This method, however, requires that the data be separated and random; thus, the Mann-Kendall contextual (CMK) test was applied [38]. This calculation was adopted because geographically neighbouring regions tend to have similar characteristics. The Mann-Kendall test was carried out individually on each pixel, without considering the behaviour of the neighbouring pixels. The CMK method is non-parametric and consists of the regionalization of the series [39]. The magnitude of the autocorrelation must be considered in the test of significance. To undertake this analysis, a mask of the average of the pixels with the dimension 2 × 2 after the calculation of the variable S of the Mann-Kendall test was applied.

The data were compiled and analysed using the Idrisi Selva 17.02 GIS. The Earth Trends Modeler module was used to analyse tendencies in the spatially distributed historical series. The result of this analysis was a compilation of maps showing the spatial tendency of the eggs and the larvae, thus determining which regions had undergone changes over time.

To ascertain the behaviour of the Euclidian distance, a map of the collectors of recyclable materials was compiled. This procedure was undertaken in ArcGis10.2. The map of Euclidian distances measured the distance in a straight line from each recycler to the nearest recycler. After the compilation of this chart, both the data set of the larval habitats of Ae. aegypti and the eggs were overlaid. A spatial analysis tool to determine the distances of these entomological parameters in relation to the collectors of recyclable materials was employed. Histograms were then developed to show the behaviour of the larval habitats, presence of eggs in ovitraps and recyclable locations graphically.

To correlate the collectors of recyclable materials and the eggs and larvae of Ae. aegypti, a local multivariate indicator of the spatial association (multivariate local indicator of spatial association, LISA) was employed. This statistical method allowed us to assess the hypothesis of spatial randomness by comparing the values of the indicator of each region with the indicators of neighbouring regions. The Moranʼs local I (Ii) carries out the spatial autocorrelation of a specific locality with its neighbours, permitting the identification of groupings [40].

This index was used because according to [41], when one is working with a large number of areas, it is possible that different regimes of spatial association may occur. Thus, the use of multivariate global indicators of social correlation might underestimate spatial correlations because only an average value of spatial association is calculated for the whole collection of data.



During the ovitrap survey, 137,825 eggs were taken from the traps. The average number of eggs collected weekly from each of the traps was 19.87 eggs (2014), 7.76 eggs (2015), and 15.3 eggs (2016). The number of eggs found in 35 traps were above the average in 2014; 49 traps in 2015; and 51 traps in 2016. The results of the Mann-Kendall analysis focusing on mapping the eggs collected in the traps demonstrated a heterogeneous distribution of the eggs, presenting distinct values for each region of the municipal territory in each year of collection (Fig. 3).

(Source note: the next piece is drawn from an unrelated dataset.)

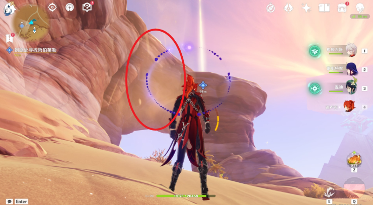 3、根据任务指引去寻找考古队的踪迹。一致走到陷坑处,触发派蒙对话。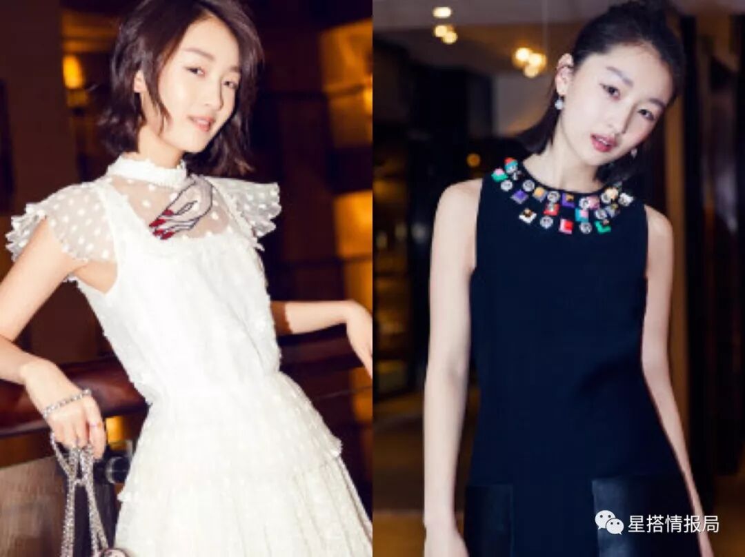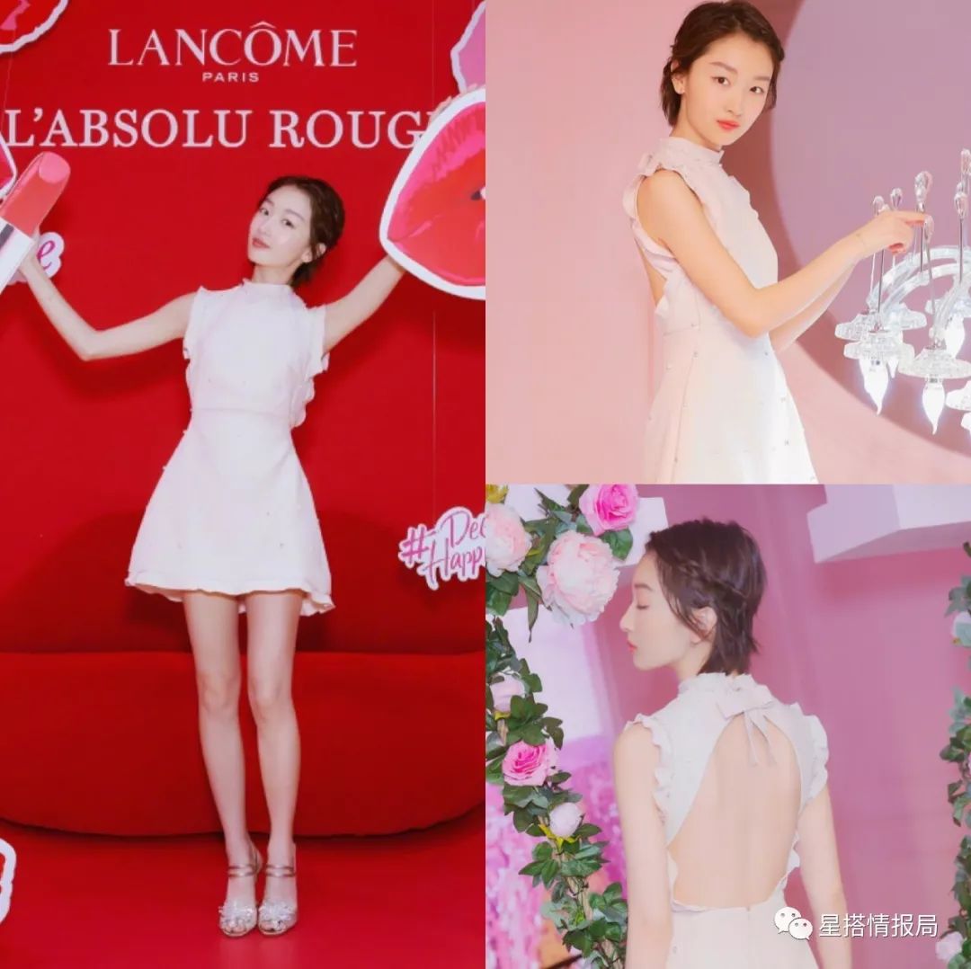 而且周冬雨特别喜欢穿小圆领的小礼服,这样会显得人没那么单薄~她也很喜欢露背的款式,背部薄就很有少女感~

The distribution of the number of eggs collected in the traps by the Euclidean distance of the recyclers demonstrated that 64.58% of the eggs that were collected in the traps were at a distance of up to 270 m from the recyclers. In 2015, 63.79% of the total number of eggs and in 2016, 65.3% of the total number of eggs were collected in traps at a distance of up to 270 m from the recyclers (Fig. 4).

Fig. 3

Mann-Kendall analysis of the distribution of eggs collected in the ovitraps (2014, 2015 and 2016)

Fig. 4

Number of eggs collected in the ovitraps versus the distance from the collectors of recyclable materials

Collection of larvae

The surface maps of the trend in the distribution of larvae in the municipality territory demonstrate the different concentrations in each area surveyed (Fig. 5). A total of 16,393 larvae of Ae. aegypti were collected in different types of breeding habitat during 2014, 2015 and 2016. The distribution of the larvae in each type of habitat is shown in Table 1. Similar to the distribution of the positive ovitraps, the results of the analysis focusing on the larval distribution revealed that the majority of the habitats where specimens were found are located at distances of less than 270 m from the recyclers (Fig. 6).

Fig. 5

Mann-Kendall analysis of the distribution of larvae collected at different breeding sites (2014, 2015 and 2016)

Table 1 Distribution of the larvae collected in different kinds of habitats in Santa Barbara D’Oeste, State of São Paulo, Brazil, from 2014 to 2016
Fig. 6

Number of larvae collected at different breeding sites versus their distances from the collectors of recyclable materials

Recycling sites

The results of Moran’s index correlated the presence of the recyclers to the spatial–temporal Mann-Kendall trend, demonstrating that there was a positive correlation between the spatial–temporal trend in larvae and the distribution of recyclers. The results of the Moran’s index analysis, after the Mann Kendall spatial analysis, are presented in Fig. 7.

Fig. 7

Moran’s index: correlation between the space-time trend in larvae and eggs collected and the distribution of recyclers


The relationship between the occurrence of mosquito vector species and environmental and ecological conditions, which favour mosquito presence in certain locations, determines the epidemiological pattern of the various diseases whose aetiological agents are propagated by mosquitoes. Outbreaks of several vector-borne diseases are becoming more frequent in both developed and developing countries.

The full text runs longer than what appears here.